Use of ethylene absorbents was reported to have prolonged the shelf-life of banana fruits stored in sealed polyethylene bag by delaying the onset of ripening (Parkin and Scott, 1979).

According to Rao and Chundawat (1987), shelf-life of banana was extended by 3.27 days over control and fruit quality was best when vermiculite block soaked in KMnO4 at 100 g/lit were inserted into polyethylene bags.

Sapota fruits kept in polyethylene bag with permanganate silica gel at 10 to 20 oC

could be stored well upto 18 days with minimum spoilage (Banik et al., 1988). They also observed that on the 6

th day of storage, PLW was maximum (6.50%) in fruits under control

and least PLW (1.91%) was observed in fruits kept in polyethylene bag with permanganate silica gel at 10 to 20

oC.

Chattopadhyay (1989) stored mango (cv. Himsagar) fruits in lined wooden boxes with or without KMnO4 soaked paper shavings for upto 14 days after treatment with tap water, cold water or amino-ethoxy-vinyl glycine (10 ppm) solution. He observed minimum physiological weight loss and decay loss in fruits with cold water treatment plus KMnO4 soaked paper shavings.

Ramkrishna and Ramrao (1989) found that sapota fruits kept in polyethylene bag containing vermiculite block soaked in KMnO4 solution had greater firmness at ripening than untreated fruits under ambient condition.

Mature green guava fruits (cv. L-49) were packed in 200 gauge low density polyethylene bags with or without celite-KMnO4 and silica gel-KMnO4 as the ethylene absorbents. The lowest PLW (5.50%) and percentage ripening (50%) and highest percentage of marketable fruits (70%) after 15 days of storage were obtained using celite-KMnO4 as an ethylene absorbent in polyethylene bags. The quality of fruits stored with ethylene absorbents was comparable to those stored without them (Dutta et al., 1991).

Satyan et al. (1992) recorded 3 to 4 fold increase in average storage life of bunches of banana cv. William when they packed in polyethylene tube (0.1 mm thickness) with an ethylene absorbent (100 g vermiculite impregnated with a saturated solution of potassium permanganate).

Mohammed (1993) reported that ‘Lacatan’ and ‘Gros Michel’ bananas packed in low density polyethylene (0.025 mm thick) with ethylene absorbent (KMnO4) and stored at 10, 20 and 30

oC and 65-85 per cent RH scored the highest value for overall acceptability. This also

maintained the firmness and greenness (i.e. retard ripening) and reduced decay.

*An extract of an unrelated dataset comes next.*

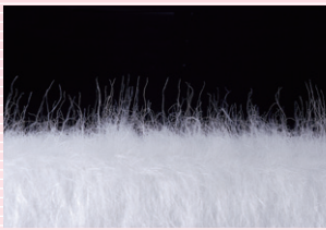
静電気により立ち上がった長い毛足

静電気ので、細菌レベルの微細なダストから土ぼこり・毛髪まで強力に吸着。さらに長繊維を用いた独自のパイル構造がダストを内部に閉じ込め、ホールドします。高い捕集性能で作業がより効率的に！

Patil (1996) observed an extended shelf-life of banana cv. Robusta fruits by two days over control, when ethylene absorbent (KMnO4 on vermiculite block) was inserted in polyethylene bag. Besides retaining higher quality parameters, it helped in recording significant lower PLW and ripening percentage.

Pradeepgouda (1999) reported that the sapota fruits cv. Kalipatti sealed in polythene bag containing paper shreds impregnated with saturated potassium permanganate solution extended the shelf-life by four days in ambient condition and 3 to 6 days in zero energy cool chambers. These fruits also showed lower PLW (2.60%), higher TSS (24.04%), sugar (16.40%) and better organoleptic rating at the end of their storage period.

Fageria et al. (2007) reported that the ber (cv. Umran) fruits treated with KMnO4 (5%) and packed in sealed polyethylene bags recorded highest shelf-life of 9 days, followed by 2.5 per cent KMnO4 plus 2.5 per cent Ca(OH)2 with sealed polyethylene bags (8 days). These treatments extending the ripening period by 4 to 5 days respectively over the control. They also reported the least PLW and spoilage and maximum acidity and ascorbic acid in case of ber fruits treated with KMnO4 (5%) and packed in sealed polyethylene bags.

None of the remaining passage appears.